Il est l’auteur de plusieurs ouvrages : L’exclusion, PUF, « Que sais-je ? », 2008 ; Quartier
sensibles et cohésion sociale, La documentation française, 2004 ; Les incivilités, La
documentation française, 2000 ; Les Politiques d’insertion, La documentation française,
1998.
Cet ouvrage m’a été recommandé par certains professeurs ou intervenants au cours des
premières semaines de la licence professionnelle. Je n’avais pas de choix de livre établi
auparavant, j’ai l’ai donc choisis. Le résumé semblait simple et très intéressant.
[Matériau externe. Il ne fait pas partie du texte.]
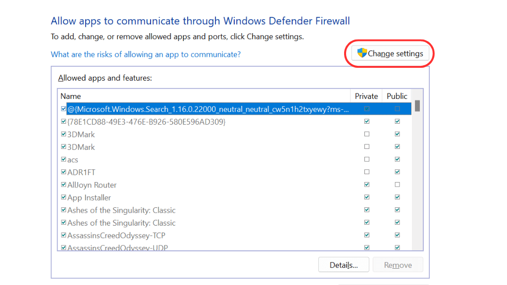 - Procure Steam na lista de aplicativos e recursos permitidos. Se não estiver lá, cliqueAlterar configurações,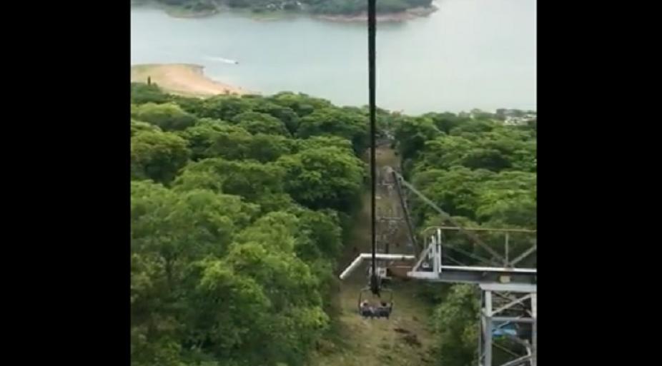 Los turistas debieron esperar unos minutos a que el sistema se restableciera para completar el viajes de las sillas por el ojo de agua. Pero pudo ser una tragedia.

L’auteur semblait aussi traiter ce sujet d’une manière globale et approfondit, c’était
donc le livre clé pour me faire découvrir « l’envers du décor SDF ». A travers ; son
ouvrage « la question SDF », Julien Damon cherche à comprendre et expliquer le
phénomène SDF dans sa totalité. Il fait notamment ressortir le SDF comme un acteur clé
de sa prise en charge, le système de prise en charge des personnes sans abri et sa longue
mise en place et enfin la complexité de cette prise en charge.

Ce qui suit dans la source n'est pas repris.